Termasuk pengotoran seperti debu, serat serat baju, serpihan serpihan gelas,
kelepsan dari wadah gelas atau plastic atau tutup atau zat yang yang ditemui, yang
masuk kedalam produk selama proses pembuatan , penyimpana dan pemberian.
Suatu sediaan parenteral harus steril karena sediaan ini unik yang
diinjeksikan atau disuntikan melalui kulit atau membrane mukosa kedalam
kompartemen tubuh yang paling dalam.
Wadah harus dipilih secara teliti, yang secara kimia tahan terhadap larutan
yang akn dimasukan dan emempunyai kualitas yang paling baik untuk
memperkecil kemungkinan terkelupasnya wadah dan kelupasan wadah masuk
kedalam larutan. Telah diakui, kadng kadang ditemui zat-zat tertentu pada produk
parenteral yang berasal dari kelupasan wadah gelas atau plastic. Bila wadah telah
dipilih untuk dipakai , wadah harus dicuci dengan seksama agar terbebas dari zat
asing. Selama pengisisna wadah, harus diperhatikan sungguh-sungguh
prose
pengisian untuk mencegah masuknya debu yang dikandung udara serat kain tau
pengotor lain kedalam wadah.
Dalam tubuh manusia, terdapat fungsi penerapan konsep larutan
penyangga misalnya pada cairan tubuh. Cairan tubuh ini bisa dalam cairan intrasel
maupun cairan ekstrasel. Dimana sistem penyangga utama dalam cairan
intraselnya seperti H2PO4- dan HPO42- yang dapat bereaksi dengan suatu asam
dan basa. pH darah tubuh manusia berkisar antara 7,35-7,45. Kondisi di mana pH
darah kurang dari 7,35 disebut asidosis. Faktor-faktor yang mempengaruhi
terjadinya kondisi asidosis antara lain penyakit jantung, penyakit ginjal, kencing
manis, dan diare yang terus-menerus.

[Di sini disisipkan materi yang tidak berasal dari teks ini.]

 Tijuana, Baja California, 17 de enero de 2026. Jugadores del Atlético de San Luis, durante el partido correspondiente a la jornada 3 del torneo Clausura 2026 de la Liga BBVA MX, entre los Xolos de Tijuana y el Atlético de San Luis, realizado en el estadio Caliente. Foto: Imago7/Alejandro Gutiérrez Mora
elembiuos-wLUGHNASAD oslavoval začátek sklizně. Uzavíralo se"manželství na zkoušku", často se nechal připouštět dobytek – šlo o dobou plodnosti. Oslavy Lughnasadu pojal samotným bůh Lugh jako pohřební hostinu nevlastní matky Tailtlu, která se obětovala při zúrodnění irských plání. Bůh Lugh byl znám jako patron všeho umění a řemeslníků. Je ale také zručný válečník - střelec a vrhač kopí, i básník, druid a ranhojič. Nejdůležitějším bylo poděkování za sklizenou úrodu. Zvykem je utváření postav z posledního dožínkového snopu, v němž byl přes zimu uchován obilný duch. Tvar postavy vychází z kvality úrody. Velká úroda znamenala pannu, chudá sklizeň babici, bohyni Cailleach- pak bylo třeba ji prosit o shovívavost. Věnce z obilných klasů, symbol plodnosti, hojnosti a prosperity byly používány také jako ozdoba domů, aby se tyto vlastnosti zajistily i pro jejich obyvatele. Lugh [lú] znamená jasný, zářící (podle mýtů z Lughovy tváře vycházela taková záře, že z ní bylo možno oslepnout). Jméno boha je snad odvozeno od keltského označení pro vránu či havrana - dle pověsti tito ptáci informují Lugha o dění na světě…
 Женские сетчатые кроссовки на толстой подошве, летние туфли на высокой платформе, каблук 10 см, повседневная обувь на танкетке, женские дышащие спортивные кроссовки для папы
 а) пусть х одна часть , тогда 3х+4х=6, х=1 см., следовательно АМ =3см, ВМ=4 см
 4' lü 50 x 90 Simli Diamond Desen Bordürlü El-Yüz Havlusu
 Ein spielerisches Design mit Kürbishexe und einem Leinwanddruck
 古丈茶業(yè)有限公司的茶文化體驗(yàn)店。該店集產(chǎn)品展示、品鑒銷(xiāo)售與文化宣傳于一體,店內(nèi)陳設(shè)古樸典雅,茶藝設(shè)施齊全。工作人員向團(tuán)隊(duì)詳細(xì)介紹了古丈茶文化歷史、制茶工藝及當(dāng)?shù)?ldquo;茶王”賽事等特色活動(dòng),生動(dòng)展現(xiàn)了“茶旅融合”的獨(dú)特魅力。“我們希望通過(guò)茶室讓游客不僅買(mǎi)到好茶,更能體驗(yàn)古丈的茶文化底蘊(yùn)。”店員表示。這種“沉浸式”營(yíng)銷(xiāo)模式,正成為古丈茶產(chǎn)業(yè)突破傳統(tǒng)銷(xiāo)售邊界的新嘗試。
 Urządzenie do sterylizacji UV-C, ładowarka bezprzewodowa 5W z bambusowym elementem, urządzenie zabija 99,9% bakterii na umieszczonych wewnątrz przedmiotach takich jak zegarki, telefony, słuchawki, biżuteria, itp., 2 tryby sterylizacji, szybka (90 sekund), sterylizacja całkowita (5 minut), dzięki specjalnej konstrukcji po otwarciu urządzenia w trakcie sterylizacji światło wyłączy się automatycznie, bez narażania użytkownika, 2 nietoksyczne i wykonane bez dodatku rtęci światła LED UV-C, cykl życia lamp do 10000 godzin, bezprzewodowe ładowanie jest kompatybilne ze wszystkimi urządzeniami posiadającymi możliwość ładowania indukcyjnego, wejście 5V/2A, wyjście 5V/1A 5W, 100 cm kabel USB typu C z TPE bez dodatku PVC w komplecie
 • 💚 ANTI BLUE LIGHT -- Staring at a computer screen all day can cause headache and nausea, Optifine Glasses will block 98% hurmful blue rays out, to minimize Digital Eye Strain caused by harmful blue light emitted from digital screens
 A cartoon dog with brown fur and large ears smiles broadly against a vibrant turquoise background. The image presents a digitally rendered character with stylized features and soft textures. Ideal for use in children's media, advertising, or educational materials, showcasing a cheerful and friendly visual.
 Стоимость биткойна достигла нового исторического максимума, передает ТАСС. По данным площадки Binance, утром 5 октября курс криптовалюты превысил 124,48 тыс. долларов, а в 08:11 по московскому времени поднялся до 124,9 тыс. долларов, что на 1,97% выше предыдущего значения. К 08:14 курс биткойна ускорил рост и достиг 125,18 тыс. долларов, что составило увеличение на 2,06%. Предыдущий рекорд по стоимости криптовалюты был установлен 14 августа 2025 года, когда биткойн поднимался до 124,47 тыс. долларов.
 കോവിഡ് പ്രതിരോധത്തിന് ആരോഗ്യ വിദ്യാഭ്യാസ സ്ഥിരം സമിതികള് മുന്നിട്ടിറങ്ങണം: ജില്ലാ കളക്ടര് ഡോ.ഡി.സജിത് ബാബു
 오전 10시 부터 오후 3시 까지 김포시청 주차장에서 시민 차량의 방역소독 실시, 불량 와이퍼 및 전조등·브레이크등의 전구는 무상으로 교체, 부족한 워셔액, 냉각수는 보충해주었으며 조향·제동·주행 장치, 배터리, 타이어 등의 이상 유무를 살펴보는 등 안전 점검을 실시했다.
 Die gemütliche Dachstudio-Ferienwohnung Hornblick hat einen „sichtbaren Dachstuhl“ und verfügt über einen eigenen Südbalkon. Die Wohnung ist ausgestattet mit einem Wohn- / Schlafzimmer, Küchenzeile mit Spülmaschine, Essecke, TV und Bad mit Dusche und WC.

Sedangkan kondisi di mana pH darah lebih
dari 7,45 disebut alkolosis. Kondisi ini disebabkan muntah yang hebat,
hiperventilasi (kondisi ketika bernafas terlalu cepat karena cemas atau histeris
pada ketinggian.
Kesimpulan
Berdasarkan hasil pembahasan, ditarik kesimpulan evaluasi terhadap
sediaan injeksi yang dibuat, telah sesuai dengan persyaratan pengujian yang
tercantum pada FI. Ed. IV dan ujui yang diprktikumkan berupa 5 buah sediaan,
jernih, seragam.
Daftar Pustaka
Lukas, Stefanus. 2011. Formulasi Steril Edisi revisi. Yogjakarta: CV. Andi
Offset
DEPKES RI.1995.Farmakofe Indonesia Edisi IV.Jakarta: BPOM
Ansel, H.C., (1989), Pengantar Bentuk Sediaan Farmasi, edisi IV,
Terjemahan Farida Ibrahim, UI Press, Jakarta.